On the main island, we have an assessment team, almost all Spanish speakers and veterinarians, who are pinpointing where additional resources are needed. We intend to work with as many shelters and rescues on the island as possible, and to transport their shelter animals from the island to St. Hubert’s Animal Welfare Shelter in Madison, New Jersey. St. Hubert’s is one of our top Emergency Placement Partners, and we’ll work with its staff members to ready the animals for distribution to other placement partners around the nation. We’ve already flown 200 animals to St. Hubert’s, and we expect to move as many animals as we can from shelters by aircraft.
We’ll also work diligently to help animals on the streets who are in distress, and to provide food and emergency care to them. Many of these Sato dogs, as they are known, are community animals, and with circumstances so disrupted and dire, their human support network is in tatters.

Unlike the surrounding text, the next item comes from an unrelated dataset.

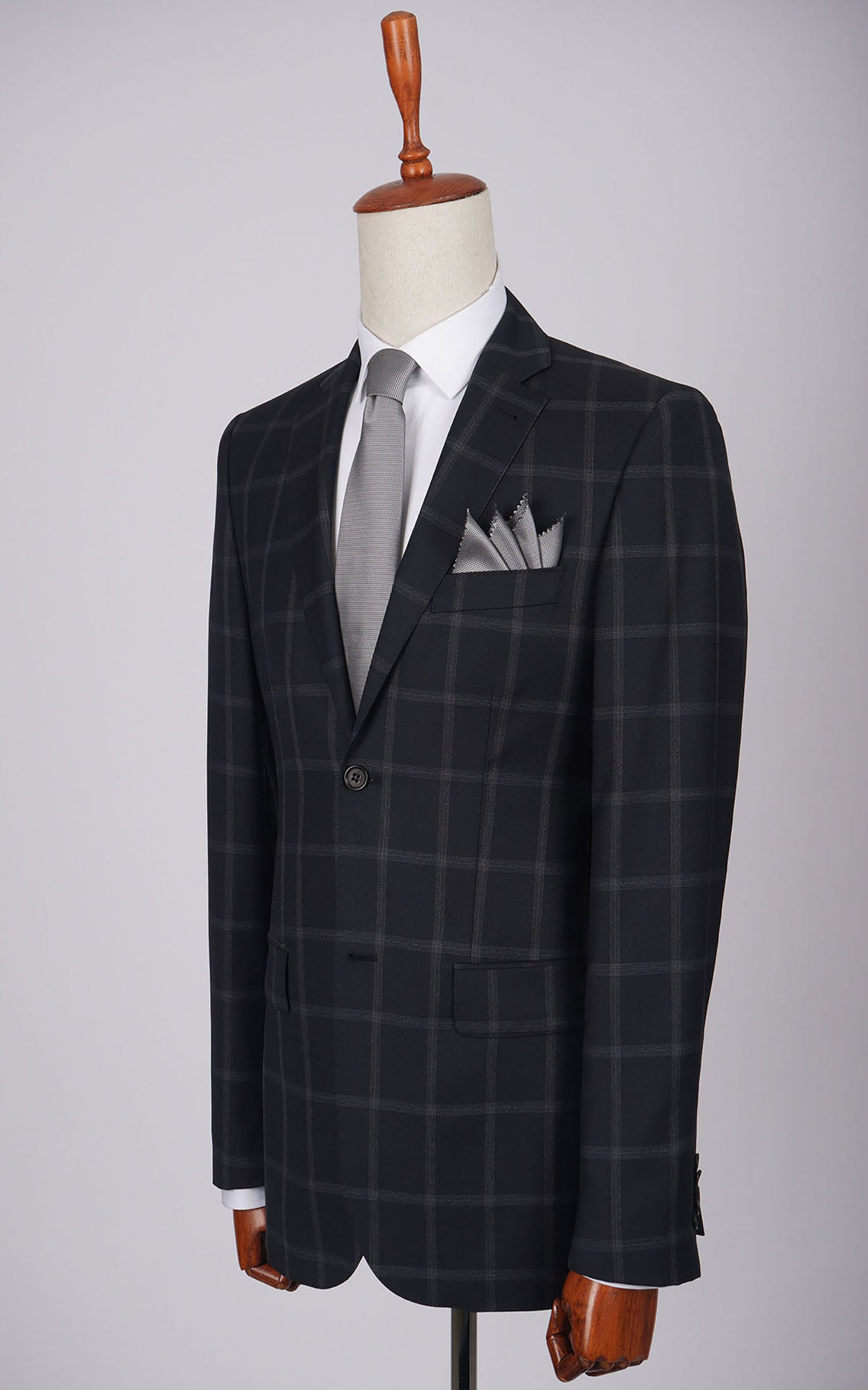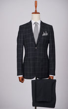 Dark Navy Two Button Checked Wool Suit

We are partnering with the Humane Society of Broward County and our own affiliate, the South Florida Wildlife Center, to operate an intake and distribution center in south Florida as a launching point for humanitarian and animal relief items directed to Puerto Rico. We’ll be working with our partners, including Wings of Rescue and GreaterGood.org, to deliver these supplies in the days and weeks ahead. We’ve had an amazing set of donors, including Whole Foods Market, WellPet, Petco, Halo, Rescue Bank, and others, that have stepped up with enormous amounts of supplies that we’ll continue to deliver to the islands.
We are quite sure we’ll find other crisis situations for animals and people on the ground, and we’ll do our best to respond to these circumstances, as possible. Puerto Rico Governor Ricardo Rosselló has asked for our leadership in the identification and fulfillment of animal needs. That came about because of our deep ties on the island. For the last three years, we’ve been implementing our Humane Puerto Rico program, led by Humane State Senior Director Tara Loller and our Puerto Rico director Yolanda Alvarez. This program has been designed to lift the circumstances for animals and the people who care about them on the main island and also in Vieques, and we’re going to double down during this time of crisis for people and animals and support them in the trying times ahead in this battered region of the United States.
P.S. The Humane Society International team continues its lifesaving work in areas of Mexico hit by two earthquakes over the past few weeks. Our team, including veterinarians, has so far provided medical services to more than 3,500 injured animals, including cats and dogs, with 669 animals helped in Mexico City and the state of Puebla just over this past weekend.